Assume that we had a magic wand that can give desires to a rock – say, a desire bask in the sun – which it can easily fulfill. The question is whether there is a reason to use this wand and create as many sun-basking rocks as possible. We can assume that if we create such a rock that it would have a reason to bask in the sun. However, this does not translate into a reason to bring the rock into existence. If a reason for bringing such a rock into existence exists – then it exists in the desires of the person wielding the wand. It is not built into the fabric of the universe.
Similarly, there is no reason written into the fabric of the universe itself to combine sperm and egg into a being with desires that are fulfilled. The person created will have reasons to do certain things - and have reasons to have us treat it in certain ways (though it may not have the capacity to effectively act on those reasons). However, if a reason for bringing that being into the world exists, then it exists in the desires of others.
Returning to our person in a coma, the reasons that exist for protecting the person in a coma, for making certain that it is revived from the coma when this can be done safely, and that it emerge from the coma with its abilities to fulfill its desires intact come from the desires of people within the community. These desires give them reason to establish these institutions and to promote attitudes that would protect and preserve the body while the virus runs its course.

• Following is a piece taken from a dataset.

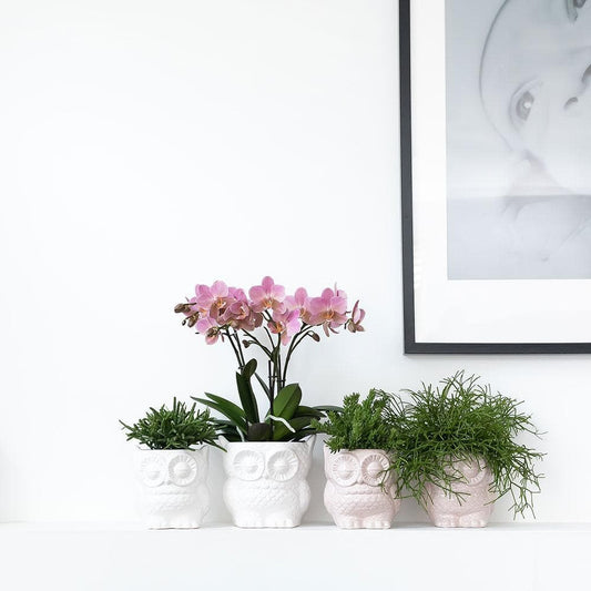 Kolibri Home | Charmante Eulenfigur Blumentopf Weiß Ø9cm – Keramik Ziertopf

The main objection that I have to the idea that there is a reason to turn a collection of material having no desires into a being with desires that can be fulfilled is simply the fact that there is no evidence for the existence of such an entity. Using arguments of a type that run a range from Occam’s Razor to J.L. Mackie’s "Argument from Queerness" (Ethics: Inventing Right and Wrong, Penguin Press, 1977) there appears no reason to suggest that such a thing – such a reason – exists.
Furthermore, as with the case of the toddler, we can ask about the situation where a person is revived from the coma in a state where its desires are being thwarted. In this case, we can imagine a person waking in extreme pain. If he wakes up to be a person who has no reason to thank us for bringing him out of the coma, then he is a person for whom we did no favors – provided him with no benefit – by bringing him out of the coma.
Where there is benefit or harm to be found, it is found in the fulfillment or thwarting of the agent's desires.
As with the case of the toddler, we have two ways of describing this situation.
(a) We could say that the activity at time T (the act of reviving the person in a coma) provides a benefit at time T contingent upon its being put to use at a later time T + n to bring about the fulfillment of future desires. If no future desire fulfillment takes place, then the claim of "benefit" is revoked.
(b) Or we could say that the activity at time T does not provide the person with a benefit at time T; instead, the benefit comes at time T + n when the effects of that activity are put to use in the actual fulfillment of desires.
Of these two, (b) is technically more accurate. I find it odd to say that a benefit appears and is then lost – in fact, never existed – if not used.
However, in a community where an activity is almost certain to provide a benefit, option (a) is close enough to the truth for matters of public and social policy. It is useful, in this case, for establishing and maintaining the institutions and for promoting attitudes within the community that will protect individuals while they are in a coma. We can portray the case where a patient would wake up in extreme pain as exceptions to the rule, rather than more accurately understand them as examples of a more complex rule.